Calderon and Uribe are intensifying joint security efforts
as they also tighten cooperation with the U.S. in a bid to fight
cartels and drug-trafficking guerrillas. Colombia is the source
of 80 percent of cocaine in the U.S., while an estimated $17.2
billion of cocaine, marijuana and other drugs flows to the U.S.
from Mexico every year, according to the U.S. Justice
Department.
The U.S. has promised Mexico $1.1 billion in anti-drug aid
under the Merida Initiative. The U.S. has given Colombia more
than $6 billion in anti-drug and military aid since 2000 and is
working on an accord to operate anti-drug surveillance flights
from Colombian bases.
Since taking office in late 2006, Calderon has sent tens of
thousands of troops to cities and towns to fight drug gangs
battling over smuggling routes.
Mexico has had 4,244 deaths related to organized crime this
year, according to newspaper El Universal.
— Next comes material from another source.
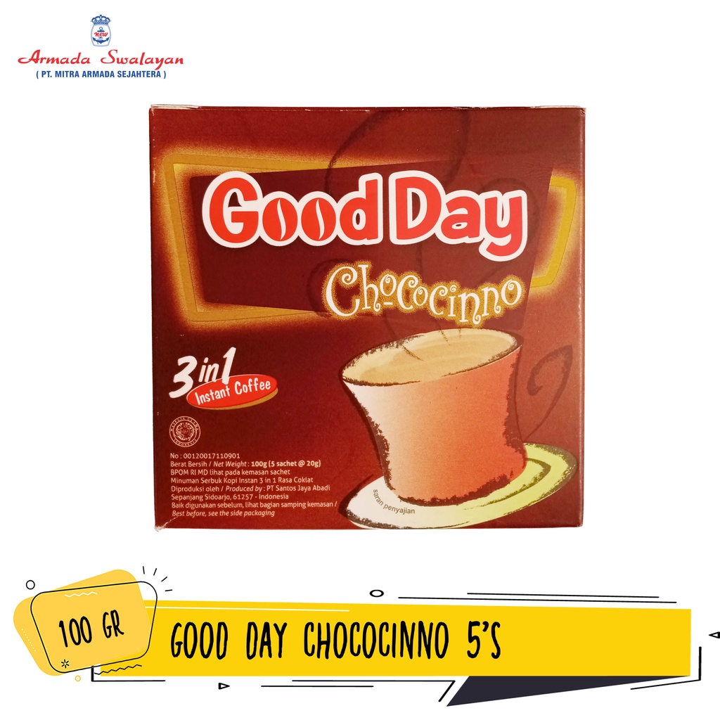 Good Day merupakan kopi instan yang terbuat dari perpaduan kopi, gula, dan krimer dalam satu saset. Rasa Good Day yang istimewa sangat pas dinikmati dalam setiap momen hangatmu bersama teman atau orang kesayangan. Kemasannya yang praktis memudahkan Anda untuk membawanya kemanapun Anda berada.

The attorney
general’s office has declined to give official figures for 2009,
after it reported more than 6,200 deaths last year.
Uribe’s efforts to stem the flow of narcotics out of the
country has uprooted cartels and reduced the tenures of drug-
gang bosses from as long as 15 years in some cases to less than
15 months, according to Colombia’s police chief Oscar Naranjo.
Colombia has increased the numbers of urban and rural
security forces, introduced more spy networks and provided
rewards for information that leads to the capture of
traffickers. (source: Bloomberg)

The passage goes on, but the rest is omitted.